**What is expected**.
When you repeat the material, keep each line exact and omit the pictures.

● ● ● ● ●

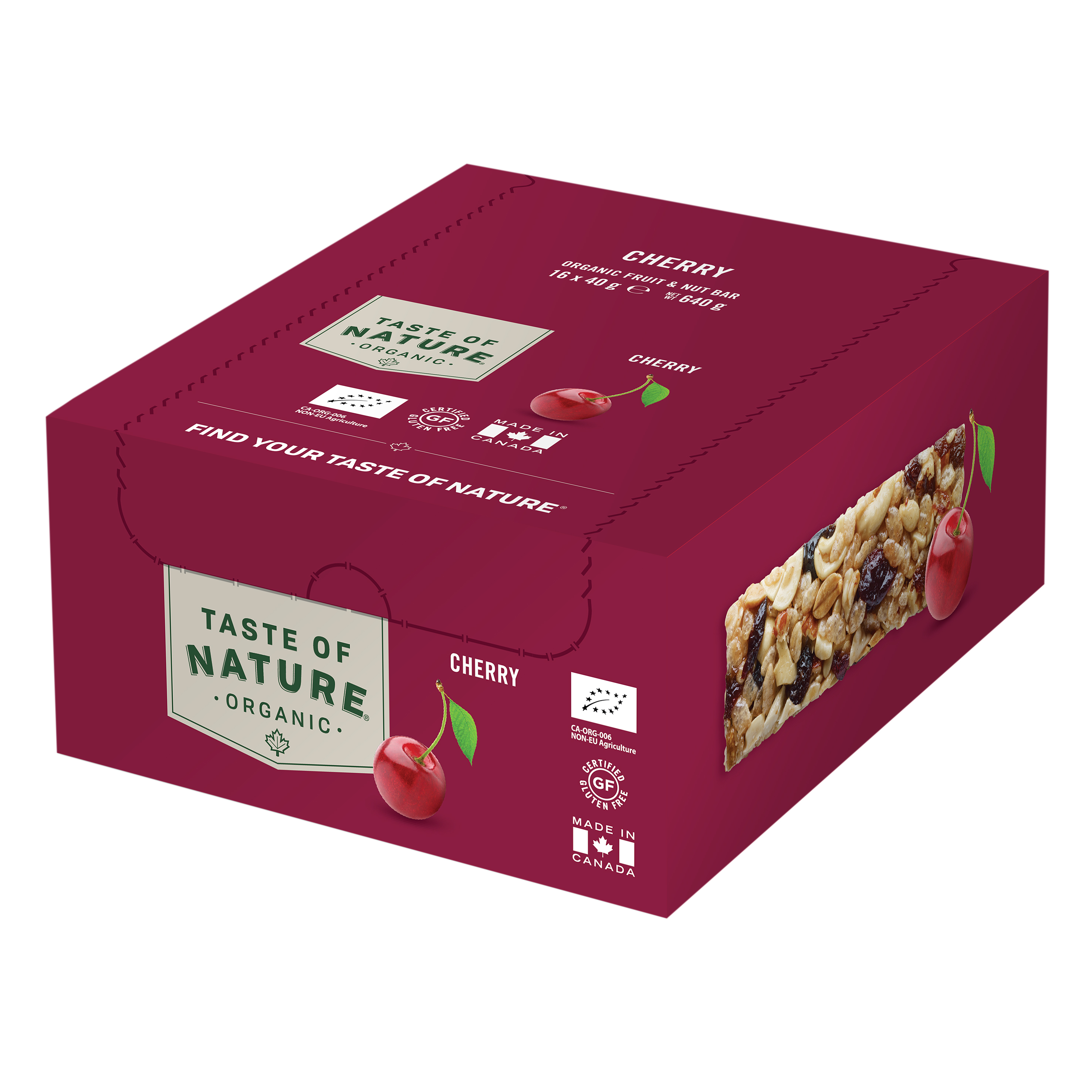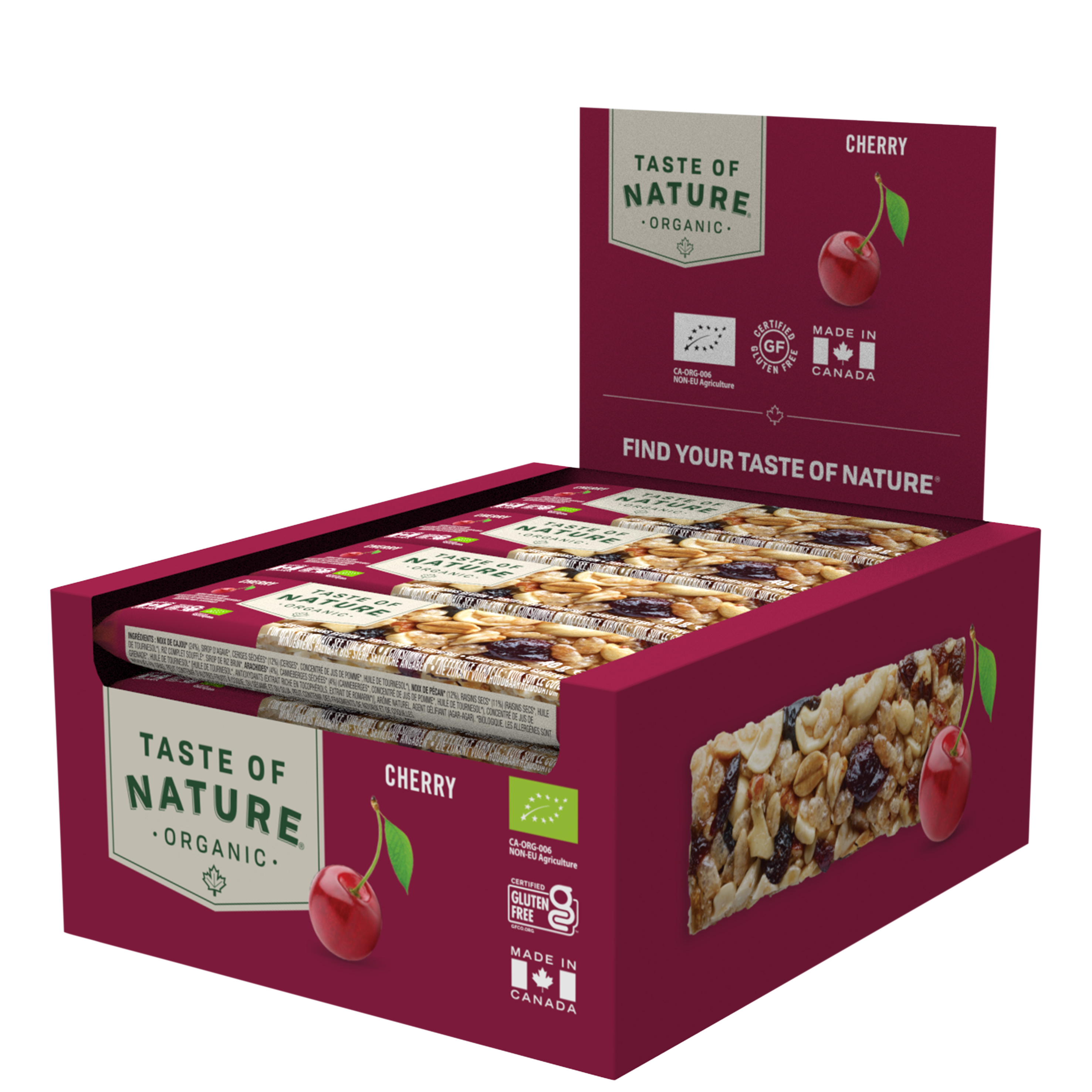 CASHEWS* (24%), agave syrup*, dried cherries* (12%) (cherries*,apple juice concentrate*, sunflower oil*), PECANS* (12%), raisins* (11%) (raisins*, sunflower oil*), whole grain crisp brown rice*, brown rice syrup*, PEANUTS* (4%), dried cranberries* (4%) (cranberries*, apple juice concentrate*, sunflower oil*), pomegranate juice concentrate*, sunflower oil blend* (sunflower oil*, antioxidants: mixed tocopherols, rosemary extract*), natural flavouring, gelling agent: agar. *organic.
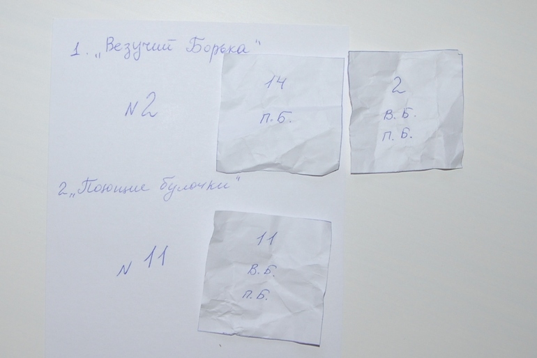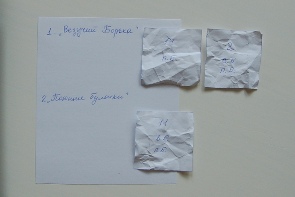 5) 11 сентября я нарежу самых обычных лотерейных билетиков и дети выберут два из них. Уж простите мне неиспользование генератора случайных чисел, мы будем совмещать приятное с полезным. Первый билетик на "Везучего Борьку", второй билетик на "Поющих булочек".
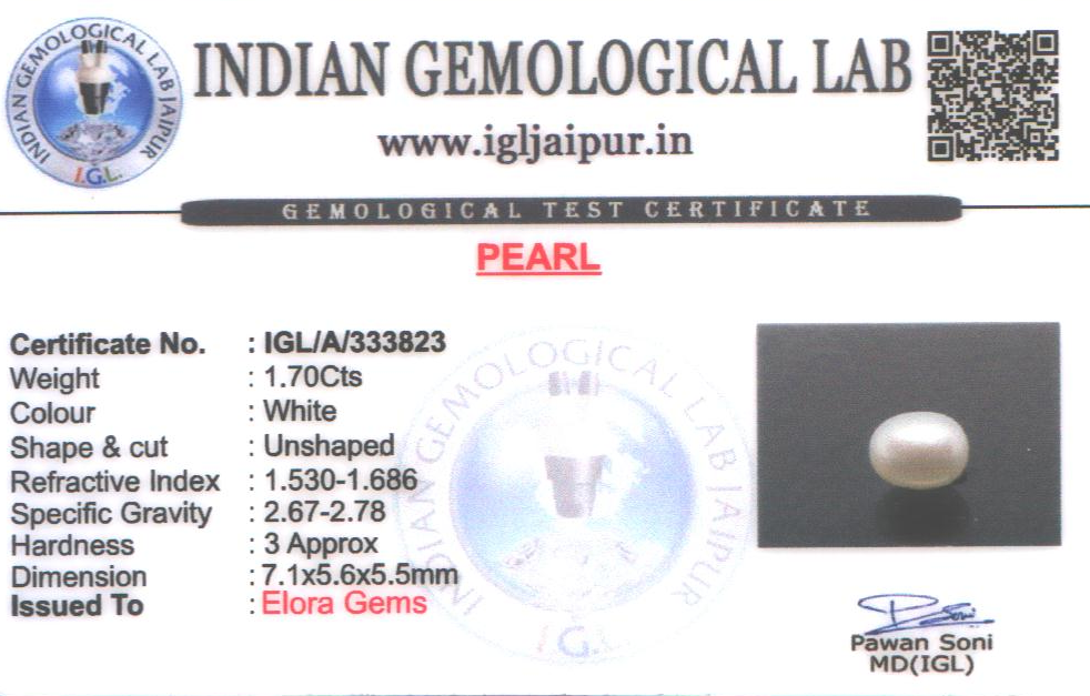 Natural Pearl (Muthu) weighing 1.7 carats In Unshaped
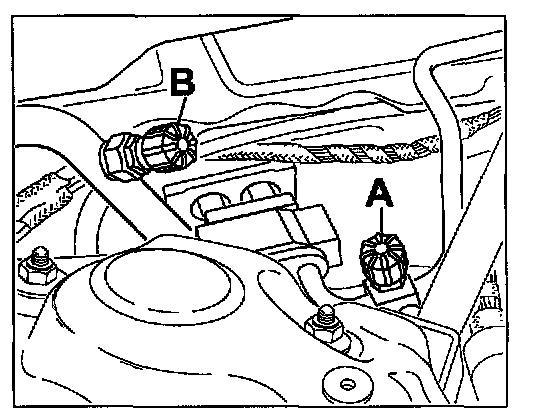 2. Open the engine compartment lid and disconnect the refrigerant lines from the fuel cooler. Immediately seal the openings with suitable plugs.
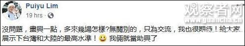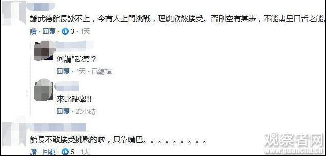 见“馆长”没有回应,练喻轩通过脸书继续喊话:“你到底有没有胆子啊?虽然你水平很差,但我会给你机会哦!”
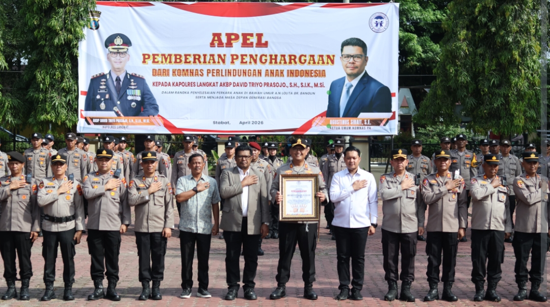 Penghargaan tersebut diserahkan langsung oleh Ketua Umum Komnas PA Pusat, Agustinus Sirait, S.E., kepada Kapolres Langkat AKBP David Triyo Prasojo, S.H., S.I.K., M.Si., di Lapangan Jananuraga Polres Langkat, Selasa (28/4/2026).
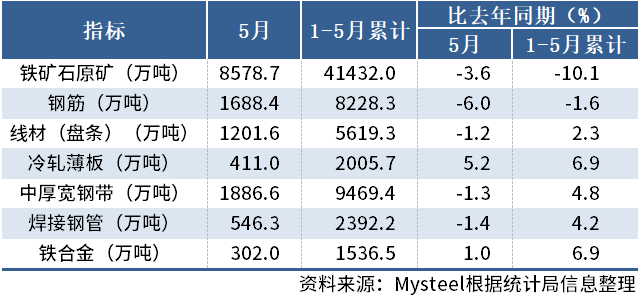 5月份,中国铁矿(805, -22.00, -2.66%)石原矿产量为8578.7万吨,同比下降3.6%;1-5月累计产量为41432.0万吨,同比下降10.1%。
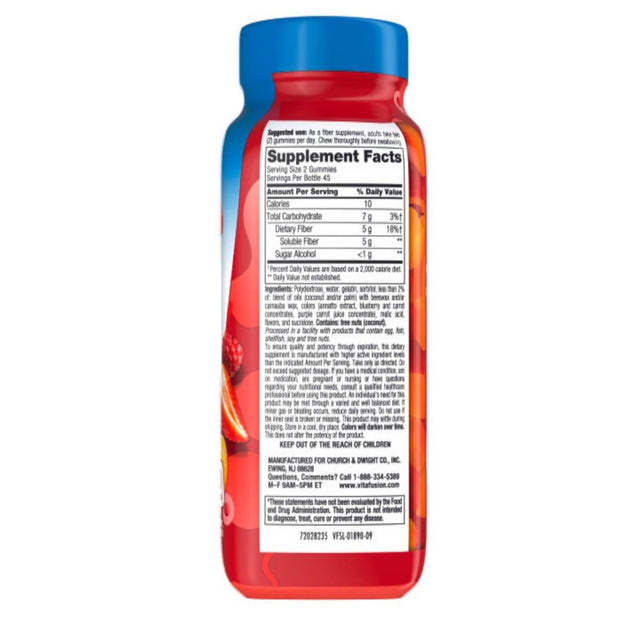 Vitafusion Fiber Well Sugar Free Fiber Supplement Gummies are digestive support supplements that help you get the fiber you may need (1). Each delicious two-gummy serving provides a great-tasting and convenient alternative to traditional fiber supplements that may require mixing or measuring. Vitafusion believes that taste and nutrition can be fused together, ensuring that taking your dietary supplements is an easy and delicious part of your day. These sugar free fiber gummies provide 5 grams of prebiotic Fiber in each serving to aid digestive health and support regularity (1). Vitafusion fiber gummies for adults are made with no high-fructose corn syrup, no gluten and no synthetic FD&C dyes. The 90-count bottle ensures you’ll have enough fiber gummies to last you 45 days. Vitafusion is the only vitamin gummy brand with products that have been awarded the ChefsBest Excellence award for taste; these fiber gummies were the recipient of the 2018 ChefsBest Excellence Award (2). Take a fruitful step toward a healthier, happier world with America’s #1 Gummy Vitamin Brand.(1) These statements have not been evaluated by the Food and Drug Administration. This product is not intended to diagnose, treat, cure or prevent any disease. (2) The ChefsBest Excellence Award is awarded to brands that surpass quality standards established by independent professional chefs. Evaluation funded by Church & Dwight Co., Inc. One 90 count bottle of vitafusion Fiber Well Sugar Free Fiber Supplement Gummies, enough fiber dietary supplements for 45 days Dietary supplement gummies contain prebiotic Fiber to help aid digestive health and support regularity (1) Digestive support fiber supplements contain 5 grams of prebiotic Fiber in each two-gummy serving (1) Convenient fiber gummies have a chewy texture that makes a great alternative to traditional fiber and prebiotic supplement pills and powders Peach, strawberry and berry-flavored fiber gummies offer delicious, natural fruit flavors in every bite Sugar free fiber gummies made with no high-fructose corn syrup, no gluten and no synthetic FD&C dyes vitafusion fiber supplements were the recipient of the 2018 ChefsBest Excellence Award (2)

● ● ● ● ●

**Answer to this problem**.
 CASHEWS* (24%), agave syrup*, dried cherries* (12%) (cherries*,apple juice concentrate*, sunflower oil*), PECANS* (12%), raisins* (11%) (raisins*, sunflower oil*), whole grain crisp brown rice*, brown rice syrup*, PEANUTS* (4%), dried cranberries* (4%) (cranberries*, apple juice concentrate*, sunflower oil*), pomegranate juice concentrate*, sunflower oil blend* (sunflower oil*, antioxidants: mixed tocopherols, rosemary extract*), natural flavouring, gelling agent: agar. *organic.
 5) 11 сентября я нарежу самых обычных лотерейных билетиков и дети выберут два из них. Уж простите мне неиспользование генератора случайных чисел, мы будем совмещать приятное с полезным. Первый билетик на "Везучего Борьку", второй билетик на "Поющих булочек".
 Natural Pearl (Muthu) weighing 1.7 carats In Unshaped
 2. Open the engine compartment lid and disconnect the refrigerant lines from the fuel cooler. Immediately seal the openings with suitable plugs.
 见“馆长”没有回应,练喻轩通过脸书继续喊话:“你到底有没有胆子啊?虽然你水平很差,但我会给你机会哦!”
 Penghargaan tersebut diserahkan langsung oleh Ketua Umum Komnas PA Pusat, Agustinus Sirait, S.E., kepada Kapolres Langkat AKBP David Triyo Prasojo, S.H., S.I.K., M.Si., di Lapangan Jananuraga Polres Langkat, Selasa (28/4/2026).
 5月份,中国铁矿(805, -22.00, -2.66%)石原矿产量为8578.7万吨,同比下降3.6%;1-5月累计产量为41432.0万吨,同比下降10.1%。
 Vitafusion Fiber Well Sugar Free Fiber Supplement Gummies are digestive support supplements that help you get the fiber you may need (1). Each delicious two-gummy serving provides a great-tasting and convenient alternative to traditional fiber supplements that may require mixing or measuring. Vitafusion believes that taste and nutrition can be fused together, ensuring that taking your dietary supplements is an easy and delicious part of your day. These sugar free fiber gummies provide 5 grams of prebiotic Fiber in each serving to aid digestive health and support regularity (1). Vitafusion fiber gummies for adults are made with no high-fructose corn syrup, no gluten and no synthetic FD&C dyes. The 90-count bottle ensures you’ll have enough fiber gummies to last you 45 days. Vitafusion is the only vitamin gummy brand with products that have been awarded the ChefsBest Excellence award for taste; these fiber gummies were the recipient of the 2018 ChefsBest Excellence Award (2). Take a fruitful step toward a healthier, happier world with America’s #1 Gummy Vitamin Brand.(1) These statements have not been evaluated by the Food and Drug Administration. This product is not intended to diagnose, treat, cure or prevent any disease. (2) The ChefsBest Excellence Award is awarded to brands that surpass quality standards established by independent professional chefs. Evaluation funded by Church & Dwight Co., Inc. One 90 count bottle of vitafusion Fiber Well Sugar Free Fiber Supplement Gummies, enough fiber dietary supplements for 45 days Dietary supplement gummies contain prebiotic Fiber to help aid digestive health and support regularity (1) Digestive support fiber supplements contain 5 grams of prebiotic Fiber in each two-gummy serving (1) Convenient fiber gummies have a chewy texture that makes a great alternative to traditional fiber and prebiotic supplement pills and powders Peach, strawberry and berry-flavored fiber gummies offer delicious, natural fruit flavors in every bite Sugar free fiber gummies made with no high-fructose corn syrup, no gluten and no synthetic FD&C dyes vitafusion fiber supplements were the recipient of the 2018 ChefsBest Excellence Award (2)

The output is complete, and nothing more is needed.